Three Tools that Make Analytics Even Better

Paul Koch, Former Data & Analytics Director

Article Category: #Strategy

Posted on

GA is great for answering 99% of the questions I have about my website. Luckily, some other great tools exist that make answering that remaining 1% a lot easier. Here are three of my favorite:

1) ClickTale

This tool tops the list because it's spectacular. In GA, you can't easily get a visualization of where visitors are clicking on an individual page. GA's In-Page Analytics report is making progress toward that goal, but it's still in Beta and has a few kinks.
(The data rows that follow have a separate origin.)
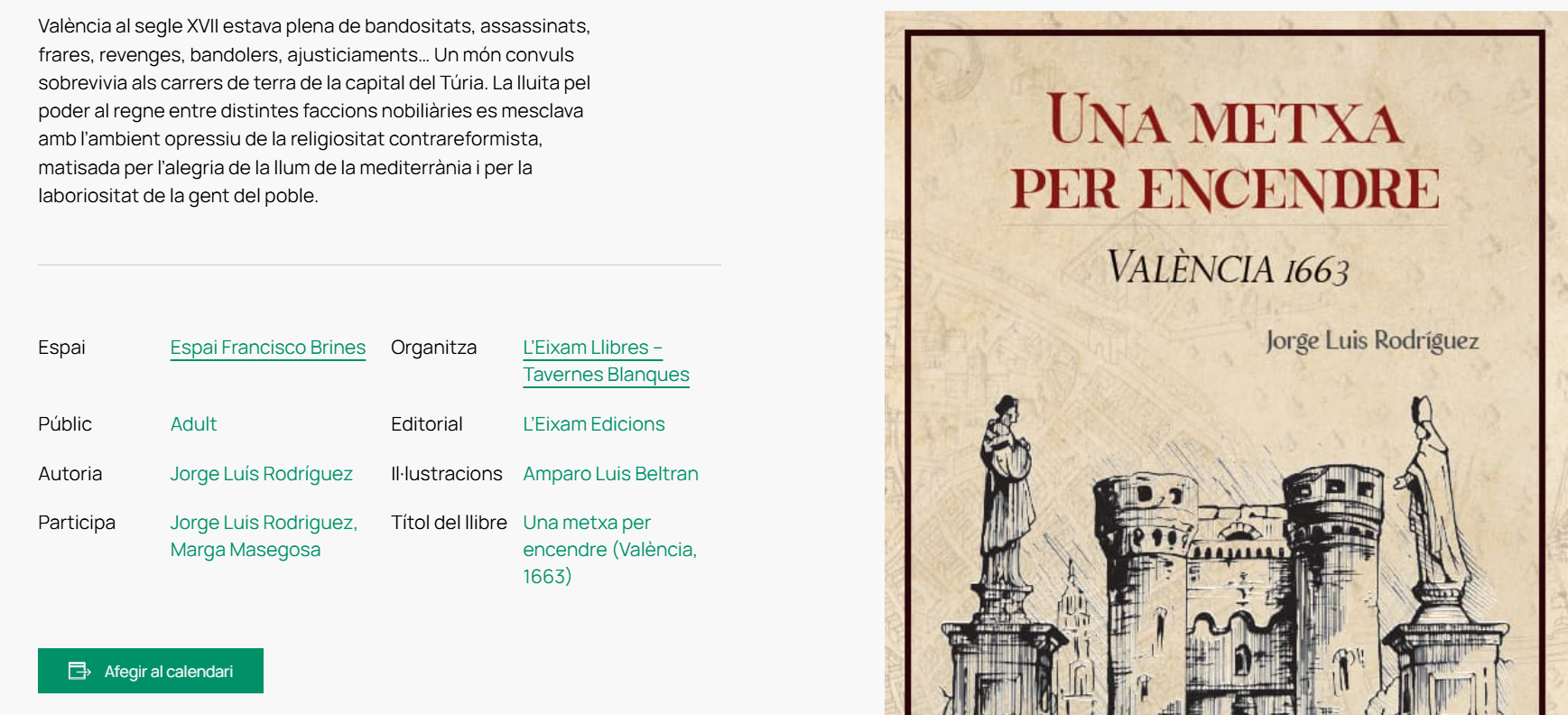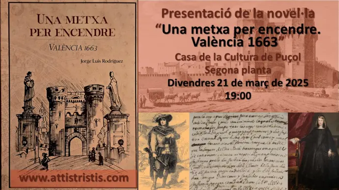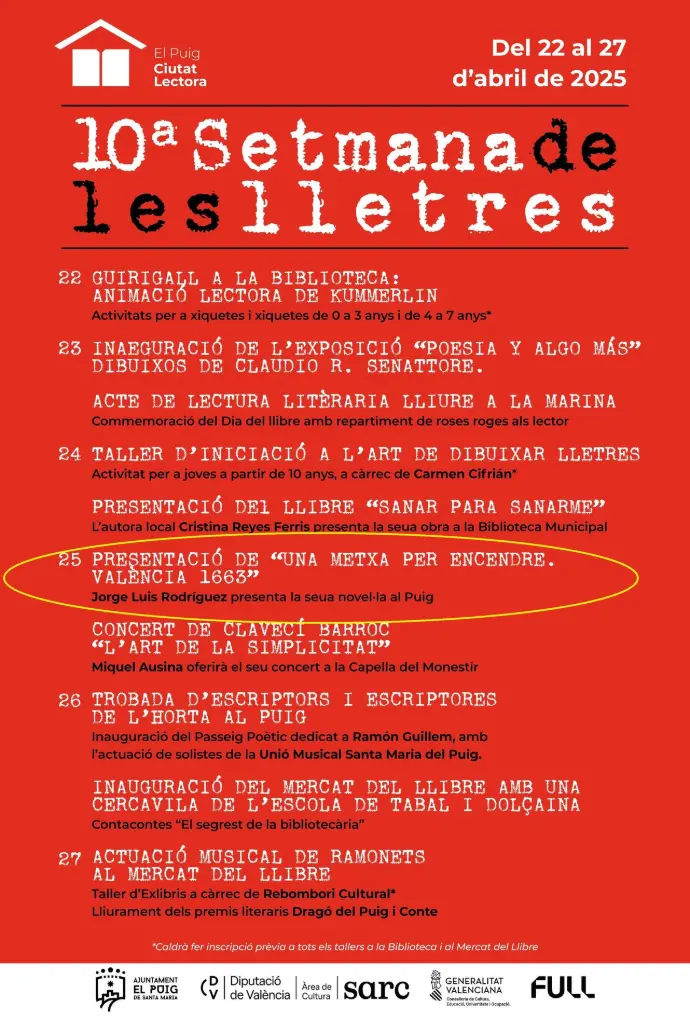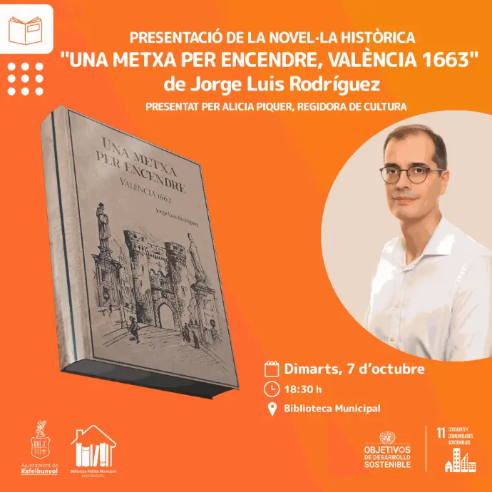 Presentació de la novel·la "Una metxa per encendre. València 1663", a la setmana d'actes del 9 d'octubre per part de l'Ajuntament de Rafelbunyol. Fotos de l'instagram de l'ajuntament.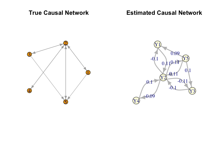 D = D, n = 10000, prior = "Spike and Slab")We get the estimated causal interaction matrix between response variables in the following way: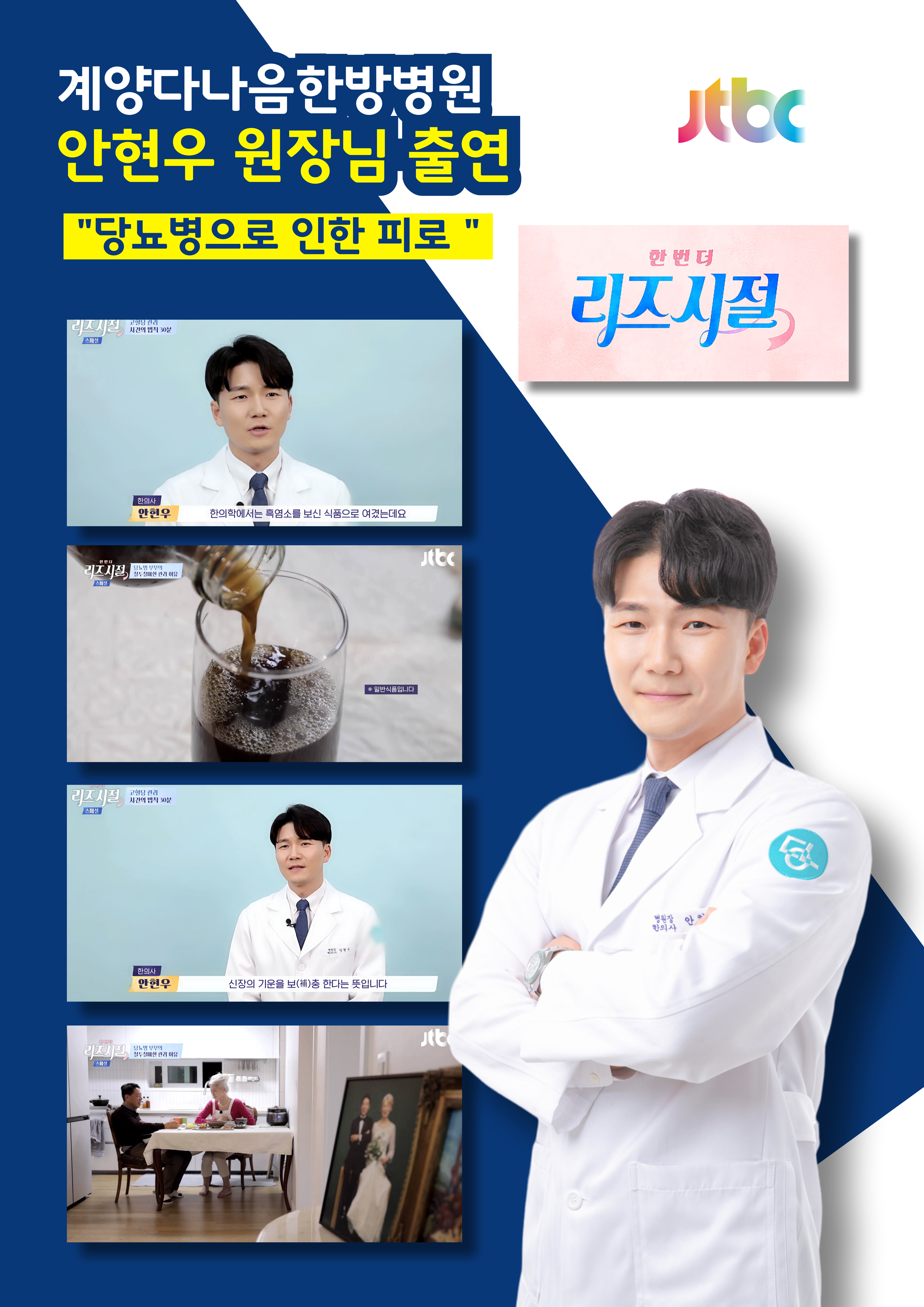 제목 JTBC 한 번 더 리즈시절 출연해 한의학의 혈당관리 등 소개한 안현우 병원장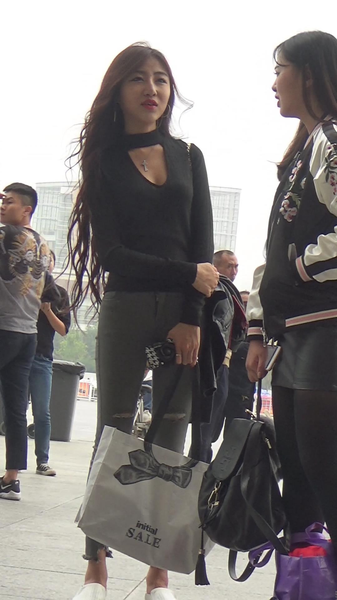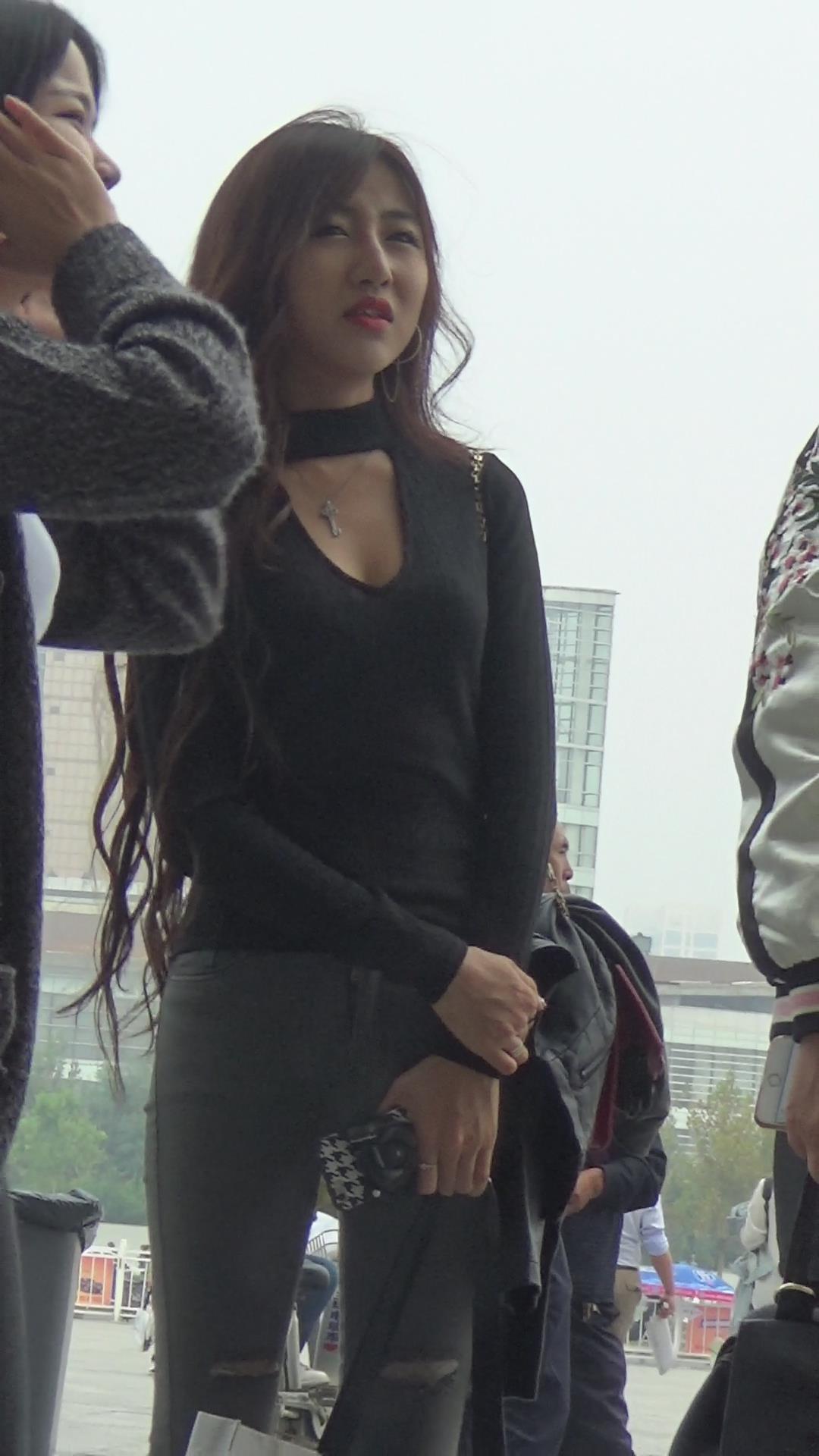 | 街拍灰色紧身裤清纯美女编号3914 |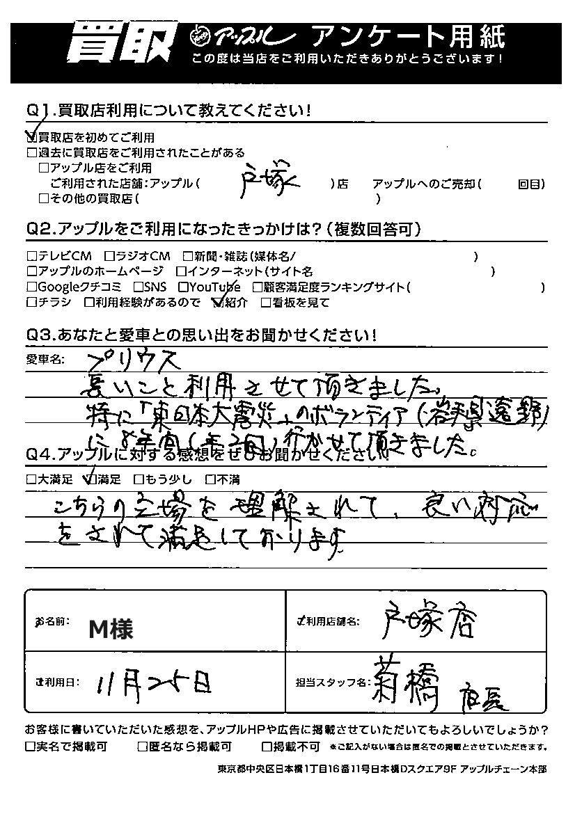 M様 車名:トヨタ プリウス(2023年3月~のPHVを含む)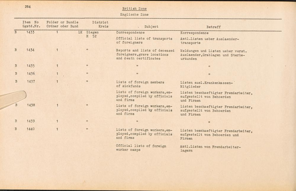 Catalogue of Records held by the International Tracing Service of the Allied High Commission For Germany at Arolsen : Vol. III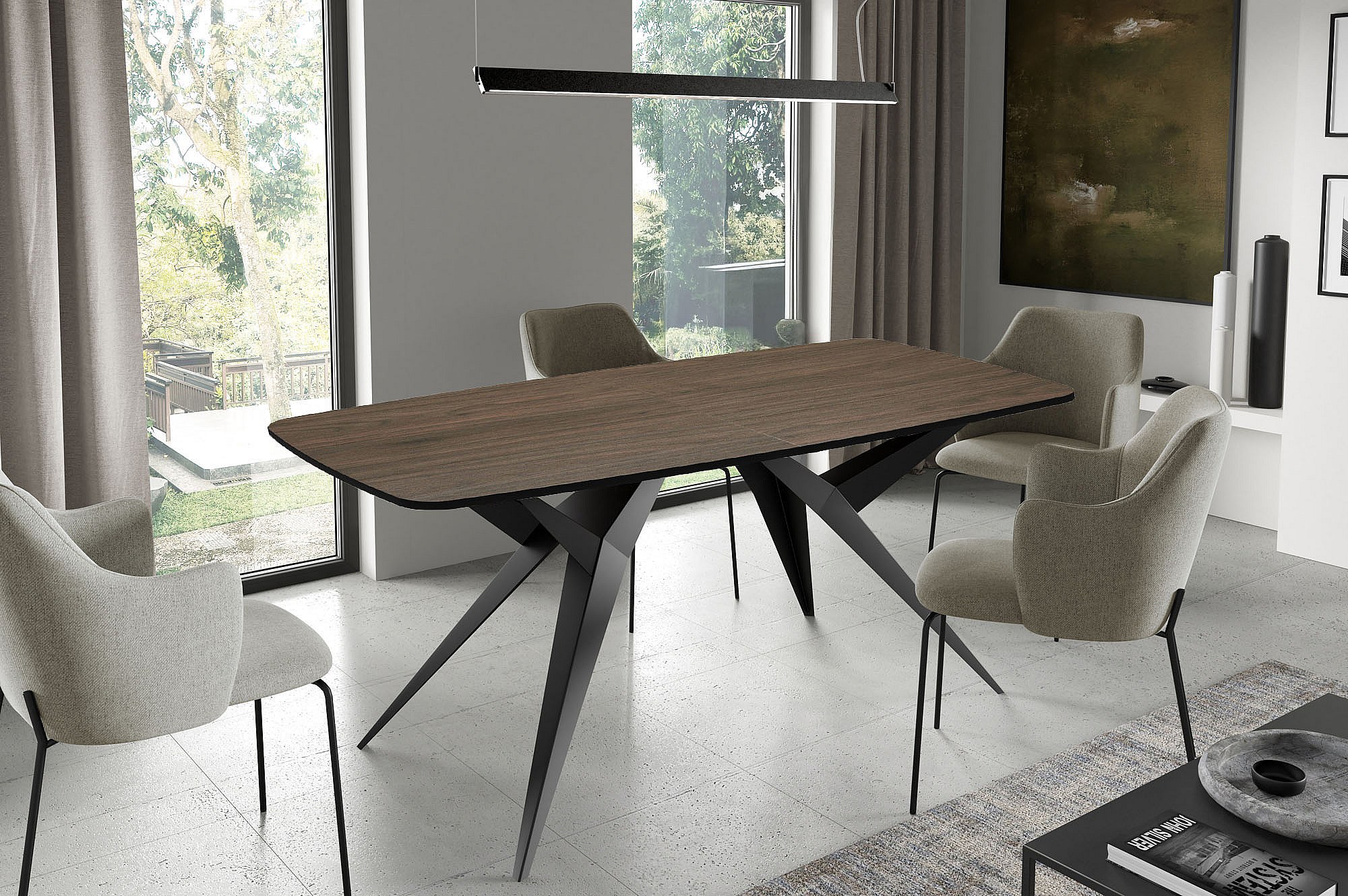 Ausziehbarer Esstisch im Loft-Stil – Rechteckiger Tisch mit Schwarzen Metallbeinen – Industrietisch mit Abgerundeten Ecken – für 6-10 Personen – 160cm Walnuss Braun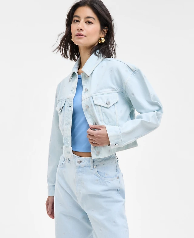 Hugo Women's Cotton Relaxed-Fit Cropped Denim Jacket
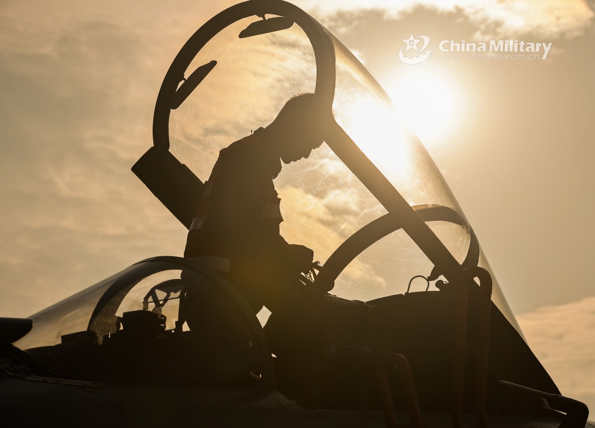 A pilot assigned to an aviation brigade with the air force under the Chinese PLA Southern Theater Command steps into the cockpit of his fighter jet and performs pre-flight inspections during a flight training exercise on February 20, 2025. (eng.chinamil.com.cn/Li Chengshen)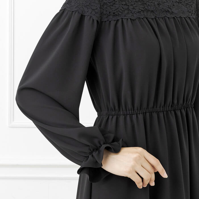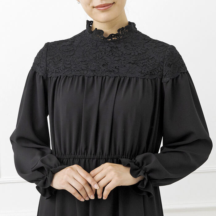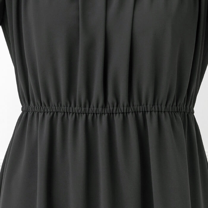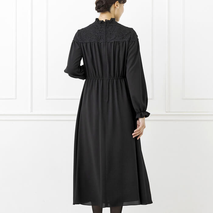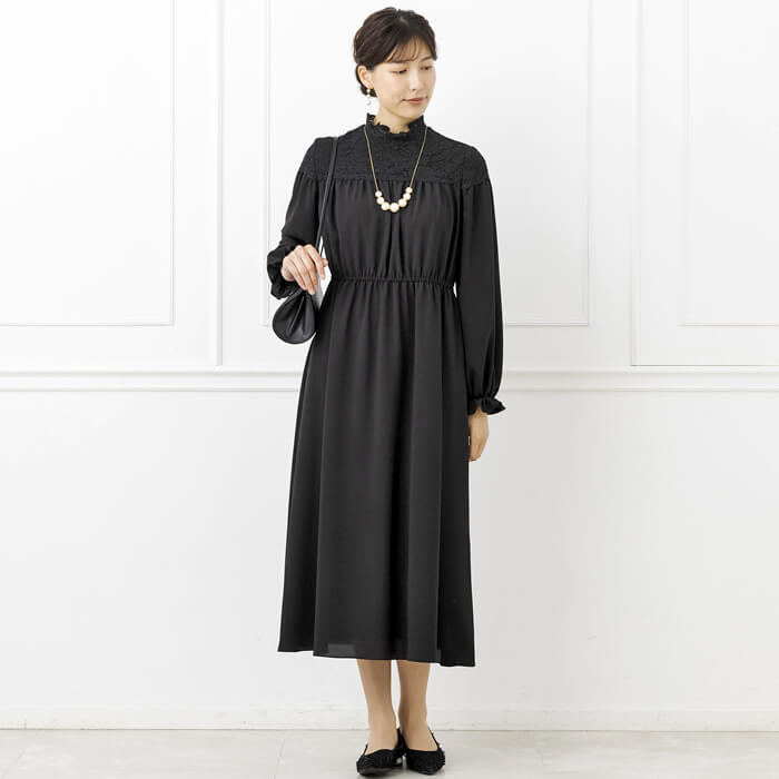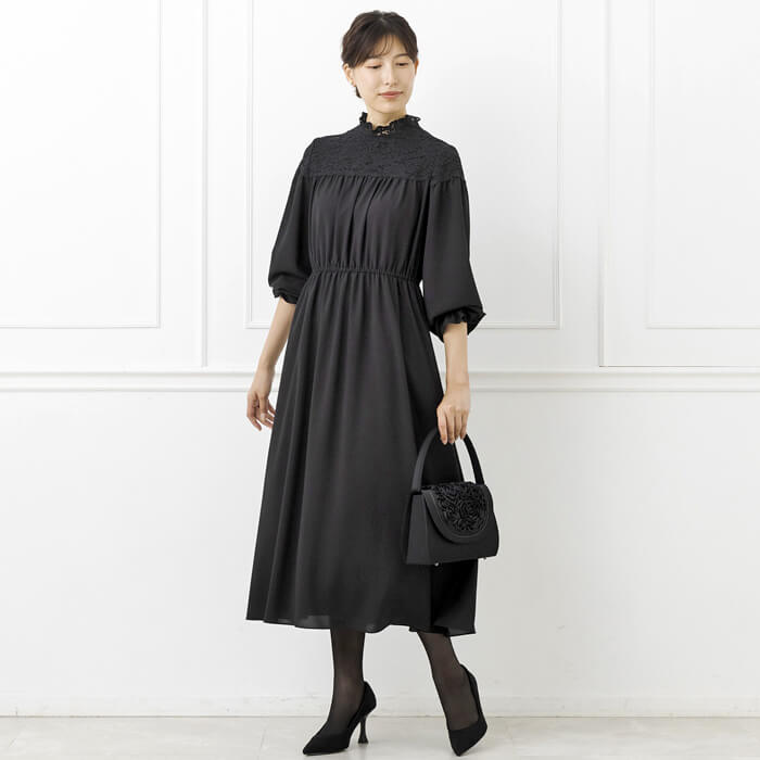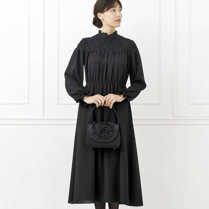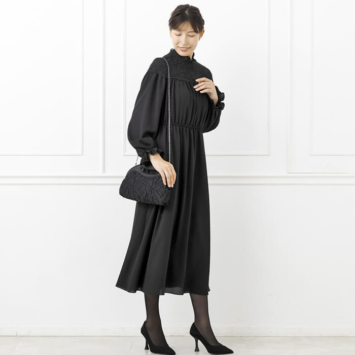 家族葬やお別れの会、入学式や卒業式、七五三などの式典に幅広く着用できるブラックドレス。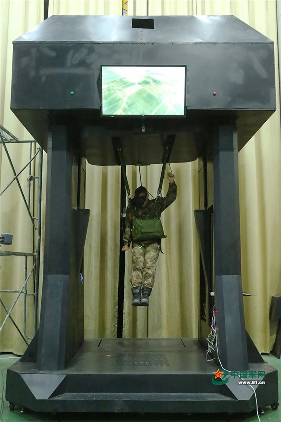 Lính nhảy dù Trung Quốc trải qua khóa huấn luyện nhảy dù sử dụng công nghệ thực tế ảo. Ảnh: PLA

Enter ClickTale, which gives you a comprehensive view of everything visitors do on a single page. See heatmaps of where visitors clicked and moved their mouse (which the ClickTale staff says correlates about 85% with attention). You can also see in what areas of a page visitors spent the most time, and what percentage of visitors even scrolled down to a given section at all.

If that's not enough to blow your socks off, you can also see how many visitors hover over an item but don't click it and how long they hesitate before clicking it--plus a lot more. I'll forgive you if you stop reading this blog post right now and go sign up!

We recommend this as a supplement for many of our clients. It's especially helpful before a redesign, to know what elements of a page visitors are paying attention to, and what we can improve. The free version lets you track up to 400 pageviews, and for $99 per month, you can track up to 20,000--well worth it, even if you stay signed up only for a month or two.

2) PadiTrack

The great thing about PadiTrack (and the third tool, too) is that it pulls from your already existing GA data, making it even more insightful. PadiTrack is GA goal funnels on caffeine--you can create them on-the-fly using historical data. You can also segment your funnels. To top it all off, it's free.

Want to know if visitors from a particular referral source drop out of your checkout process more frequently than others? Want to know if any of the visitors who actually made a purchase are brand new, or returning, visitors? Oh, and did you forget to set up this goal a year ago, but still want data from back then? PadiTrack allows you to pull that info from GA.

3) Site Scan

Site Scan is a tool from another Google Analytics Certified Partner, EpikOne. It will scan your website and tell you if any of your pages aren't tagged with the GA tracking code. It can be helpful if you have a big site with lots of pages, and you're putting GA on it for the first time. It's also great if you're upgrading to the asynchronous GA code or changing to a different account number, to make sure you didn't miss anywhere.

Scan up to 100 pages for free, or more for $25 per month, which gets you lots of other features, as well.

Hope this helps make your life a little easier! What other tools do you use that supplement GA, or give you additional insights?